## [Information supplied]
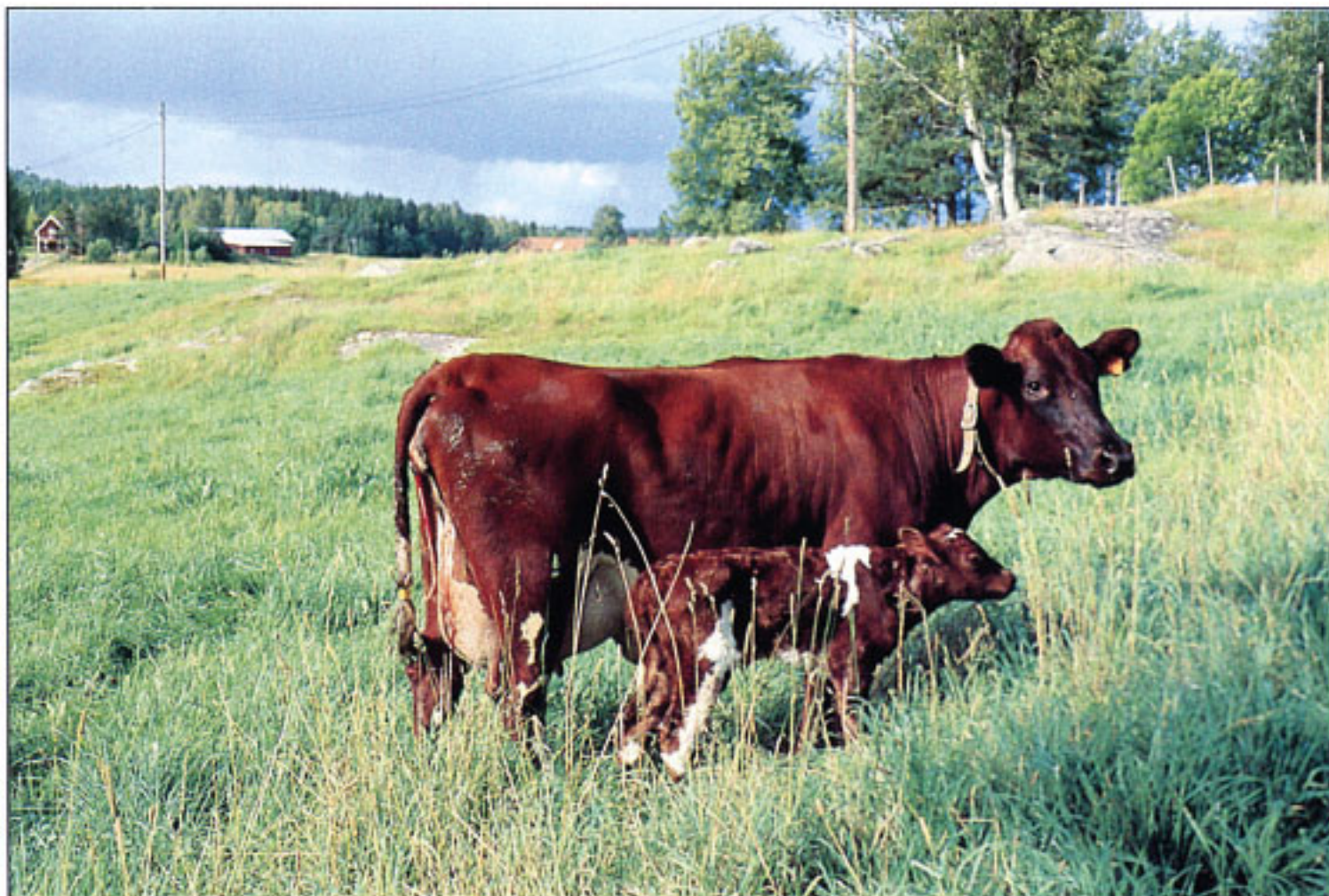
SRB (Svensk Rödbrokig Boskap)

Den vanligaste rasen av mjölkkor i vårt land heter SRB .
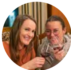
Février Soirées Vinum Montis
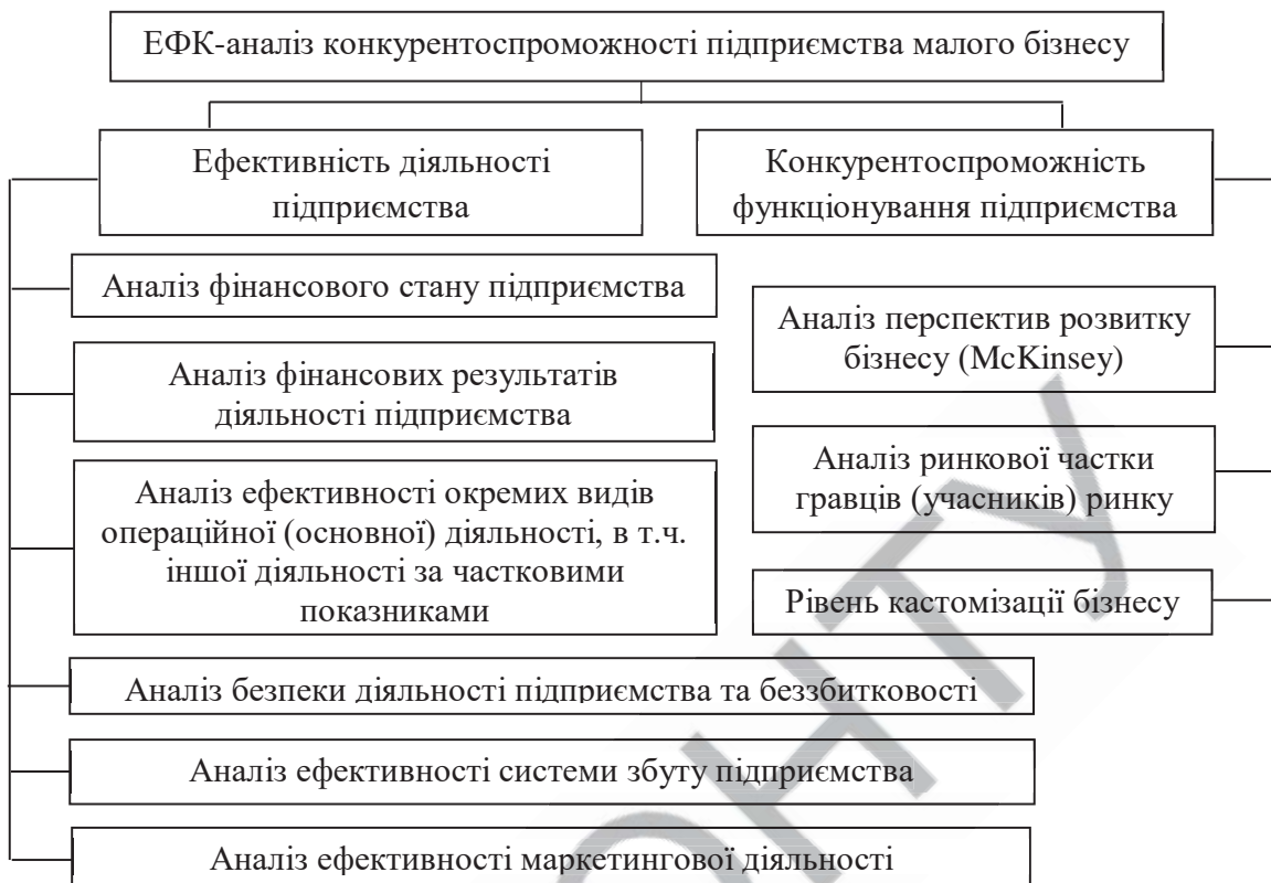
Рис. 2 – Схема проведення ЕФК-аналізу конкурентоспроможності підприємств малого бізнесу харчової промисловості*
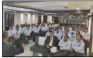
શાખા મેનેજરશ્રીઓ માટે યોજેલ ઈન્વ્યોરન્સ ટ્રેનીંગ પ્રોગ્રામ
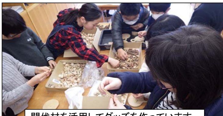
間伐材を活用してグッズを作っています。
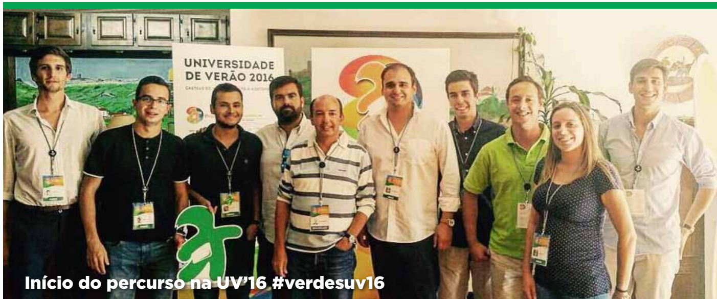
Início do percurso na UV'16 #verdesuv16

“Política: A grande porca” A política cheira mal? Nestes primeiros dois dias da UV assistimos a um enorme interesse relativamente a diversos assuntos políticos, que muito contrasta com a atitude da maioria dos jovens em Portugal, atitude esta que é aliás transversal a todas as faixas etárias da população portuguesa... falamos de um pessimismo crónico e na generalizada desconfiança face à política em Portugal.
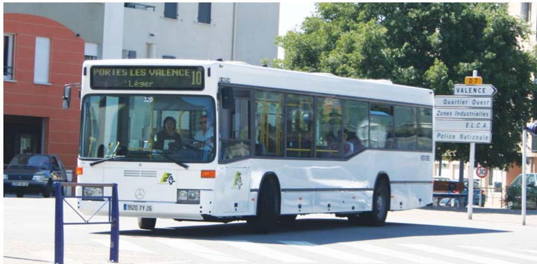
Le bus numéro 10 arrive à l'arrêt "Mairie de Portes-lès-Valence"

Concrètement qu'est-ce qui va changer pour les Portoïis ?

## [Exercise brief]
Leaving out only the pictures, reproduce the listing exactly.

## [Worked solution]
SRB (Svensk Rödbrokig Boskap)

Den vanligaste rasen av mjölkkor i vårt land heter SRB .
Février Soirées Vinum Montis
Рис. 2 – Схема проведення ЕФК-аналізу конкурентоспроможності підприємств малого бізнесу харчової промисловості*
શાખા મેનેજરશ્રીઓ માટે યોજેલ ઈન્વ્યોરન્સ ટ્રેનીંગ પ્રોગ્રામ
間伐材を活用してグッズを作っています。
Início do percurso na UV'16 #verdesuv16

“Política: A grande porca” A política cheira mal? Nestes primeiros dois dias da UV assistimos a um enorme interesse relativamente a diversos assuntos políticos, que muito contrasta com a atitude da maioria dos jovens em Portugal, atitude esta que é aliás transversal a todas as faixas etárias da população portuguesa... falamos de um pessimismo crónico e na generalizada desconfiança face à política em Portugal.
Le bus numéro 10 arrive à l'arrêt "Mairie de Portes-lès-Valence"

Concrètement qu'est-ce qui va changer pour les Portoïis ?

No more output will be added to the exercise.